How to have your AI stack locally (Vision, Chat, TTS, STT, Image Generation and RAG)

How to have your AI stack locally (Vision, Chat, TTS, STT, Image Generation and RAG)

Choosing a title for this post was challenging. The possibilities for a well-implemented, self-hosted AI stack are limitless, so I had to select the most eye-catching option to generate interest and engagement.

For as long as I can remember, I've been an avid supporter of self-hosted applications. As someone who values privacy, I make it my mission to discover alternatives to cloud services so that I can keep control of my data and avoid recurring payments for services that are not mine.

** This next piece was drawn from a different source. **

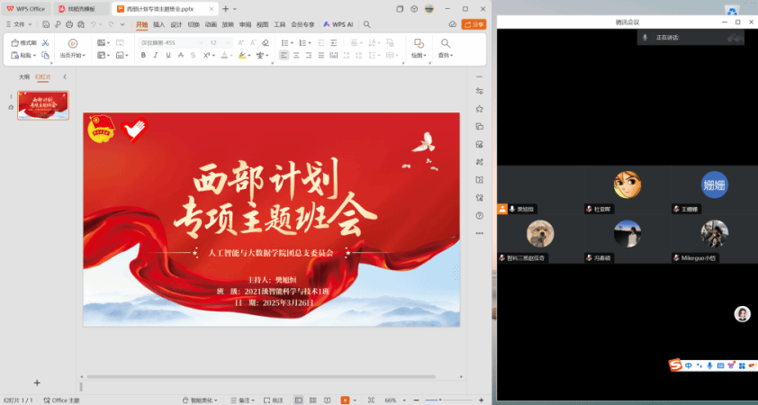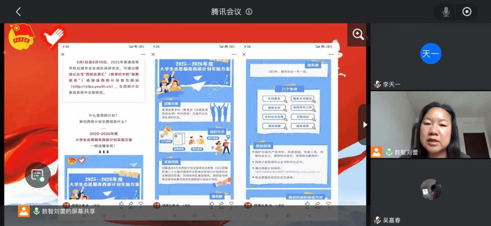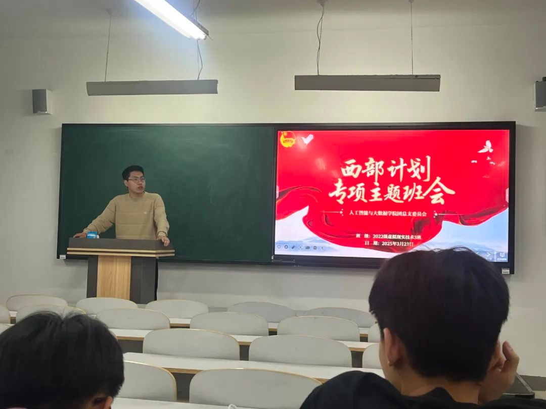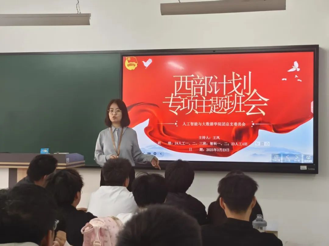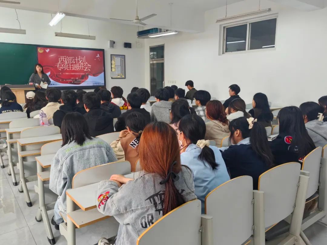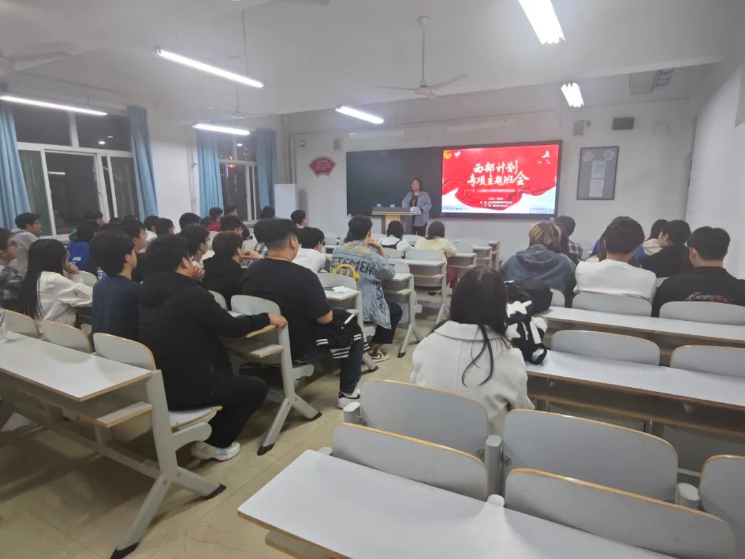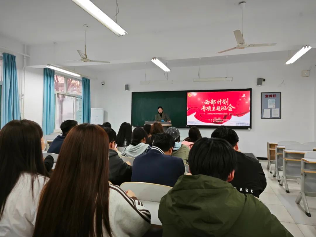 aa3044永利集团于2025年3月23日在线上及次教各班教室开展西部计划专项主题班会。本次班会由各班辅导员主持,大一至大四全体学生参加。由于永利官网大四学生均在外实习,故毕业班辅导员选择采用线上班会,在校生均是线下班会。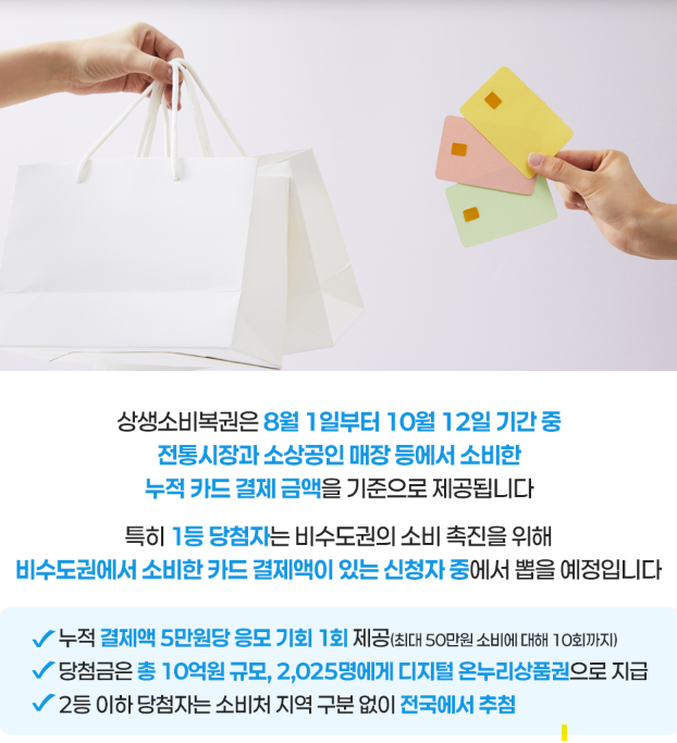 - 지역 소비 활성화 연계: 비수도권 소비자의 당첨 기회 특별히 꾸며져 있는 경우도 있어요.

Just like any emerging technology, AI demands either dedicated hardware (like Groq's LPU architecture, explained in details here) or extremely powerful GPUs (as used by OpenAI, Microsoft, and others). Typically, this kind of hardware is not readily accessible to consumers. However, with certain caveats, this is no longer always the case today.

GPU Requirements

Before we proceed, let's address the obvious: we require a robust GPU for our small-scale project. When I say robust, I mean something with 16GB of VRAM like the 4070 Super TI. Alternatively, if you prefer excellent performance at less than half the cost, consider any 16GB GPU from AMD.

This class of GPU can (just about) handle loading our necessary models locally, preventing us from sharing our data and spending on cloud services. Additionally, it allows you to operate your AI system entirely offline, even if your internet connection is unexpectedly disrupted.

The Modeldrome: our AI stack

Now, our task is to precisely outline the requirements for a comprehensive, functional, and convenient AI stack. We will promptly explore what constitutes an AI stack and the steps we can take to implement it on a local machine.

System Requirements

Our system requirements are quite demanding but manageable if you're a PC enthusiast. If you’re a gamer or currently work with AI locally, it's likely that you already have the necessary setup in place.

Requirements

  • 24GB RAM (minimum, 32GB recommended)
  • 8-core modern CPU
  • 16GB VRAM GPU (the more, the better)
  • Docker and Docker Compose

You have the option to use Windows or Linux for this task. In theory, MacOS should function similarly, but you may need to manually adjust the instructions for GPU usage in Docker since I no longer possess a Mac (unfortunately). The same applies to AMD GPUs; as I am employing an Nvidia GPU for the purposes of this tutorial.

What do We Need, How do We Get It

First things First: running LLM locally with Ollama

The initial requirement is a means of operating our Large Language Models without an internet connection. Our preference is to avoid utilizing any cloud-based services, whether from OpenAI or other providers. It's crucial for us that our models are entirely under our control and ownership.

Installing Ollama is quite straightforward: simply visit their Downloads page, choose your operating system, and follow the provided steps. If you're using Windows, you will notice a new icon in your taskbar; Ollama launches at startup and begins listening for connections automatically. On Linux, Ollama operates as a service, allowing you to manage it via systemctl just like any other service. It initiates automatically and awaits connections on port 11434.

It's definitely feasible to set up Ollama via a Docker container, but I highly recommend installing the native edition instead. The native version is significantly more straightforward to manage and customize, plus you can sidestep some unnecessary overhead that will be beneficial in subsequent steps.

Downloading a model

The final action required to run our LLM locally is to choose a model for execution. You can consult the Ollama library for pulling and running a model. Regardless, I will provide you with my configuration that operates seamlessly on a 16GB NVIDIA GeForce RTX 4070 Ti GPU.

I am using a model called Mistral Small Instruct Abliterated that you can download for free from HuggingFace.

NOTE: You can skip the following part and just install the model from here. Please note that this model is not abliterated (not uncensored).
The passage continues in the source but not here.